You have a phrase called “Golden Age.” We do not want to be depicted the way were were, when we were first discovered in our homeland in North America. We do not want museums to continue to present us as something from the past. We believe we are very, very much here now, and we are going be very important in the future. —George Erasmus, Chief, Assembly First Nations 1992.
While visiting the Royal Ontario Museum (ROM) this past August I stumbled upon a very interesting museum intervention. It re-curated a static and timeless museum “life group” of native life installed in 1917 with an innovative response that asserted historical change and contemporary relevance.

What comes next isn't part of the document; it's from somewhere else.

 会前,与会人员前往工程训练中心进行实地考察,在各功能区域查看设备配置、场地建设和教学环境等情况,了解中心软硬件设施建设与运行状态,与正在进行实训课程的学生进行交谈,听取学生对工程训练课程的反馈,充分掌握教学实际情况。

The updated diorama took the original mannequins created and installed at the ROM under the direction of the Smithsonian Institution and updated them. It removed the corn grinding, basket making, and other “traditional” domestic activities and replaced them with new objects and associated behaviors. Now the native woman shoots with her Sony camera while another person nearby listens to his iPod. Crouching below them, a man with a contemporary sweatshirt reaches for a rechargeable power drill to work on a project.
By retaining the original frame, glass and some of the clothing, the updated exhibit maintains a dialogue between the past history of the original 1917 life group—its related (outdated) stereotypes about native peoples and their behaviors—and the lives of contemporary native peoples.

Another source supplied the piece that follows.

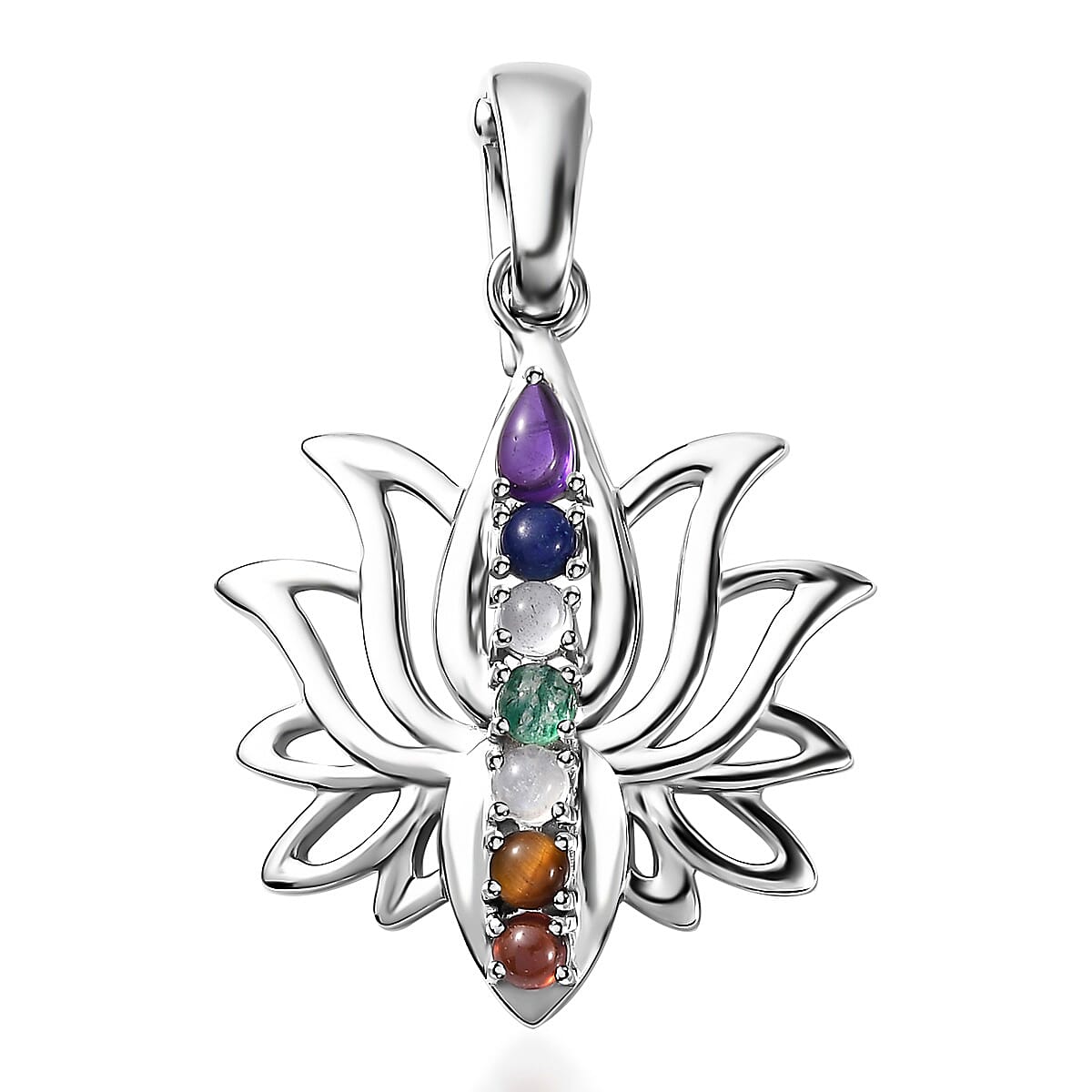African Amethyst , Multi gemstones Fancy Pendant in Rhodium Over Sterling Silver 3.68 ctw

Displays like the original one were foundational in representing static and unchanging stereotypes of native peoples as in and of the past. Removing it entirely would not erase those stereotypes. The thoughtful way that the curators of this display chose to “representationally hack” the original rather than simply remove it as “out of date” directly challenges those original stereotypes.
I have posted some other images from that visit to the ROM on my Flickr page.
LIVING CULTURES
CHANGE AND TRADITION IN INDIGENOUS CULTURES
Contrary to popular stereotypes, indigenous cultures are not relics of the past. They have been influenced by over five centuries of contact with European cultures, but they have also retained core values, beliefs and practices. The challenge for museums is to represent the ongoing interplay of tradition and change that is very much a part of living cultures.